Hairstylists work almost as closely with customers as nurses or doctors do with patients, and many of them live in households with people over age 60, according to the tool.

“But the number of jobs is small and not central to the functioning of other parts of the economy,” he noted. Those are factors to consider when governments determine what should reopen, along with the need for extra-stringent safety precautions for such jobs.

Construction workers, it turns out, are more likely to live with people who work in health care than many other sectors, with about a fifth of construction-worker households fitting that combination.

And, when restaurants reopen, it’s not just servers and kitchen workers who will be potentially vulnerable to virus transmission, Prof. Siu said.

“It’s the supervisors and floor managers. They’re the touch point,” he said, noting how much they are required to move around to all parts of a restaurant operation.

Prof. Siu said such close analysis is needed in every industry for all jobs to ensure the best possible safety measures.

Researchers, who consulted with the B.C. Centre for Disease Control and other provincial branches while they developed the tool, looked at the characteristics of 300 occupations, along with household demographics, to assess the risk factors.

They evaluated Statistics Canada’s job descriptions for issues like proximity to customers, patients, or other workers, as well as the household conditions of various employees and assigned them a risk level.

According to the tool, insurance underwriters in the region are more likely to take transit to work (45 per cent) than any other group, followed by people who teach or do research at post-secondary institutes (44 per cent). That’s a factor employers will need to think about if those people return to their offices, the analysis suggests.

The tool also shows which sectors have the most people with low incomes – personal and laundry services and bartending – whom governments might want to help get back to work as soon as possible, and how many live in crowded households: agricultural workers, meat and poultry factory workers, and glass cutters.

That last one helps explain outbreaks of COVID-19 related to people working in those occupations, including one at a glassworks factory in the Lower Mainland.

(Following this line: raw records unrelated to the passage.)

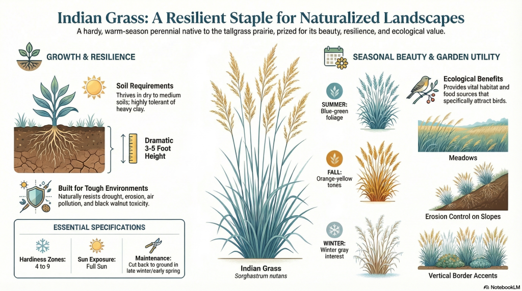 Noteworthy Characteristics: Sorghastrum nutans, commonly called Indian grass, is a warm season Missouri native perennial grass which typically occurs in prairies, glades and open woods throughout the State. It was one of the dominant grasses of the tallgrass prairie which once covered large parts of the Midwest. Typically grows 3-5′ tall (less frequently to 6′) and is noted for its upright form and blue-green foliage. It forms upright clumps (to 2-3′ tall) of slender, blue-green leaves (to 1/2″ wide and 2′ long). Foliage turns orange-yellow in fall and usually retains hints of color into the winter. Stiff, vertical flowering stems, topped with narrow, feathery, light brown flower panicles (to 12″ long) highlighted with yellow stamens, rise well above the foliage clump in late summer to 5-6′ tall. Panicles darken to bronze/chestnut brown in fall as they mature, later fading to gray. Panicles continue to provide some interest well into winter.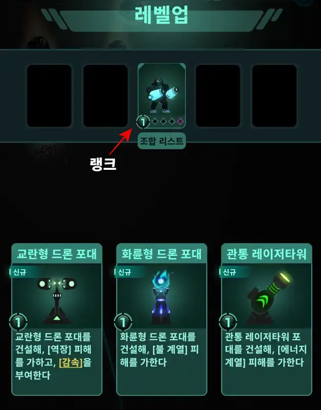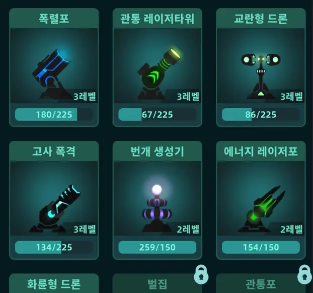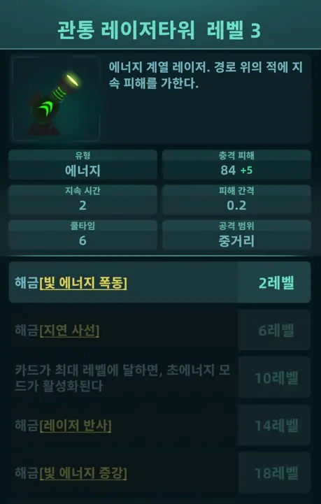그래도 추천한다면 관통 레이저타워와, 에너지 레이저포를 추천한다. 레이저타워의 관통능력과 레이저포의 높은 데미지로 옵션만 잘 쌓으면 스테이지를 퍼펙트로 클리어 하기가 수월해 진다.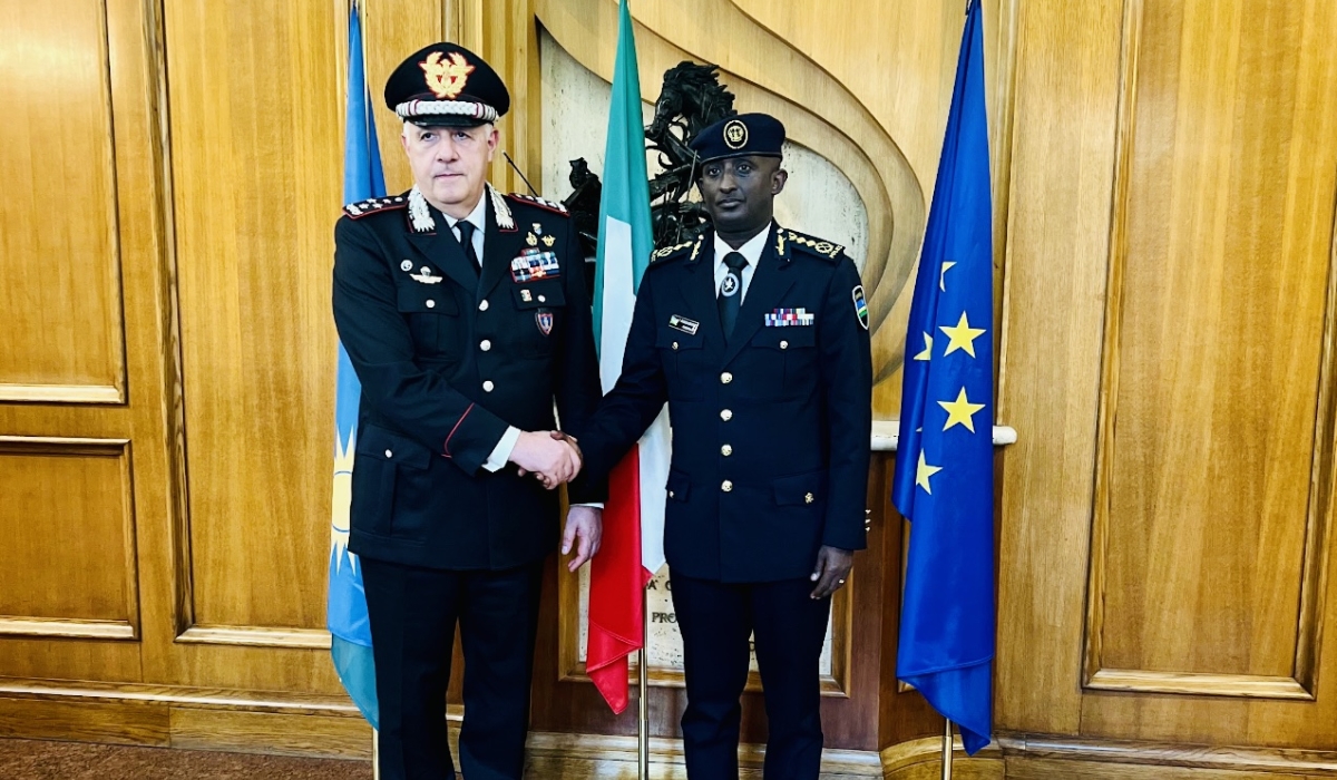 The Inspector General of Police (IGP) Felix Namuhoranye, is in Italy for a 3-day working visit at the invitation of his counterpart, Lt. Gen Teo Luzi, the Commander General of the Italian Arma dei Carabinieri. On Tuesday, June 6, IGP Namuhoranye and Lt. Gen Luz held discussions in Rome, on strengthening the existing bilateral cooperation between the two institutions. Rwanda National Police (RNP) and Carabiniere signed a cooperation pact in 2017, which has since guided strong policing relations in capacity development such as peace support operations, counter-terrorism, aviation security, public order management, VIP protection, cybercrime, traffic and road safety, public health and environmental security, among others. On Monday, June 5, IGP Namuhoranye also attended the 209th anniversary of the foundation of Carabinieri, at Salvo d'Acquisto barracks in Rome. He also visited the Sabaudia Centre of Excellence for the Protection of the Environment and the Care of Territory; Special Operations Group headquarters; and Carabiniere Command and Coordination Centre.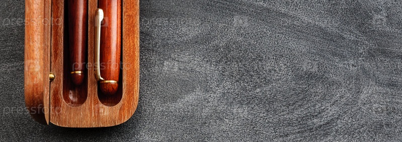 Офисные винтажные ручки-паркеры на черном фоне. Винтажный баннер в офисном стиле на темном фоне и пространстве для копирования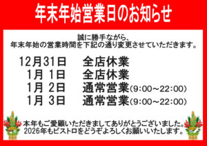 北越谷店 店休のお知らせ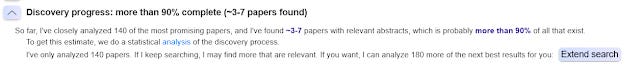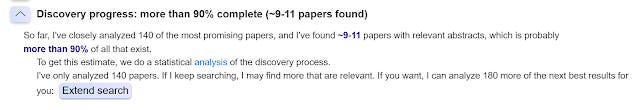 In the example above, it checked 140 papers, of which it estimate roughly 9-11 that are relevant. It thinks there are still another 10% more relevant papers that could potentially be found if you extend the search further.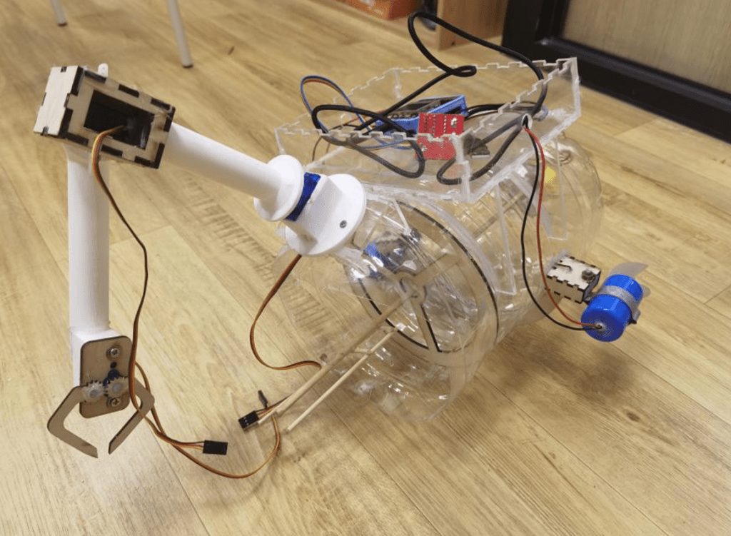 3.可以利用人工智能识别垃圾的位置,并利用机械臂清理垃圾。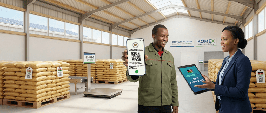 After e-WRS: Farmer deposits maize in a certified warehouse. Gets an electronic receipt, a legally binding digital document integrated with the national ID system and KRA. Takes that receipt to a bank. Bank says: “We see you have 600,000 shillings worth of certified maize. Here’s a loan.” Farmer uses the loan for seeds, school fees, or investment. Sells the maize three months later when prices have risen 20%. Repays the loan. Keeps the profit.​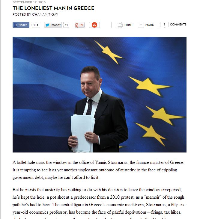 Το αμερικανικό περιοδικό New Yorker δημοσιεύει συνέντευξη- πορτρέτο του υπουργού Οικονομικών, Γιάννη Στουρνάρα, όπου γίνεται αναφορά στο «δύσκολο έργο» που επιτελεί, στις «άριστες σχέσεις» που διατηρεί με τον πρωθυπουργό, Αντώνη Σαμαρά, αλλά και στη «μοναξιά» που βιώνει μέσα στον πολιτικό και κοινωνικό περίγυρο, λόγω των μέτρων λιτότητας. Όπως επισημαίνεται χαρακτηριστικά, ο κ. Στουρνάρας έχει καταστεί η «προσωποποίηση» οδυνηρών μέτρων, όπως οι απολύσεις εργαζομένων, η αύξηση της φορολόγησης και η μείωση μισθών και συντάξεων, στην προσπάθειά του να βγάλει τη χώρα από τα δημοσιονομικά της προβλήματα.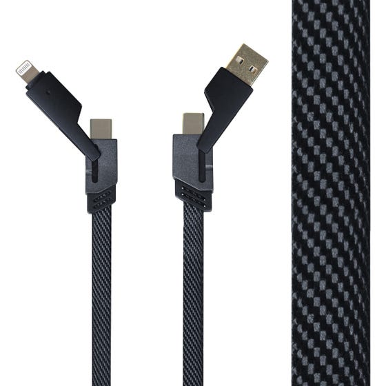 Cable de carga rápida 4 en 1. Incluye conector de entrada USB y USB-C, conector de salida lightning (8 pines) y tipo C. Su cable plano con diseño trenzado evita enredos y nudos. Soporta la carga de smartphones, tabletas y otros dispositivos con entrada de carga rápida de hasta 65 W. Admite la transferencia de datos. Incluye caja individual.

The tool is available at https://covid19.economics.ubc.ca/, and includes data on which sectors saw the biggest job losses and have the potential to bring the most back if safety precautions are done correctly.

The accommodations and food sector was the biggest loser, with 40,944 jobs that disappeared in February and March, while the retail sector was close behind at 39,152. The arts/entertainment/culture world lost 14,081 jobs, and construction was next, with 10,788, followed by 9,835 in education.